According to the Small Business Administration, small businesses received a greater volume of SBA-backed loans last year than ever before. Under the flagship loan program of the SBA, a record sum of $19.6 billion was issued as loans in fiscal 2011. 53,706 businesses received these funds to support their growth and expansion plans.

In 2010, the SBA expanded the scope of its loans to make a larger number of smaller businesses eligible for the loans. It raised the limit of loan amounts it would back from $2 million to $5 million. However, the larger pool had a side effect because the banks increasingly favored the larger loans, which were sought by relatively stronger and larger businesses.
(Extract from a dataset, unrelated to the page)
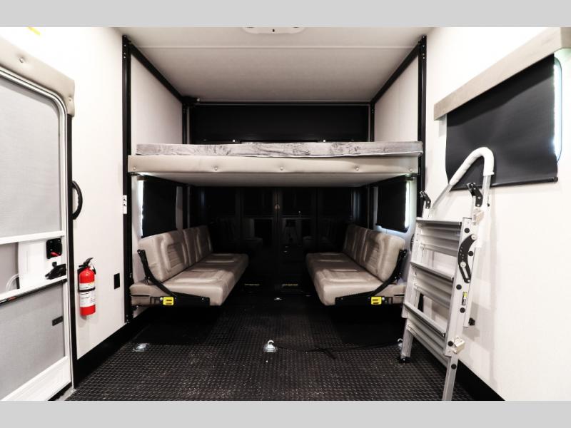 Sleeps up to 8 with a 13' garage featuring convertible sofas with electric queen bed and overhead storage, plus a loft bunk or storage area.

Very small businesses with smaller loan requirements got somewhat left behind in this process.

From the banks’ point of view it consumes the same amount of work to underwrite and process a small loan and a large loan. It takes the same amount of analysis and documentation procedure, which effectively raises the cost of a smaller loan. Therefore, banks are attracted towards larger loans where they can make their money. The net result of this approach was that in 2011, only 29,682 small businesses received loans of less than $150,000 compared to 34,238 businesses in 2010.

The dollar volume of the loans has seen an increase of 58% over 2010, and a 113% jump from 2009, which was the worst period of the credit crunch.

SBA administrator Karen Mills said, “We’ve had an extremely successful year … and we are back to pre-recession lending levels,” she said. “But we still have some gaps. We’re not back in [the terms of] small loans and loans to underserved markets.”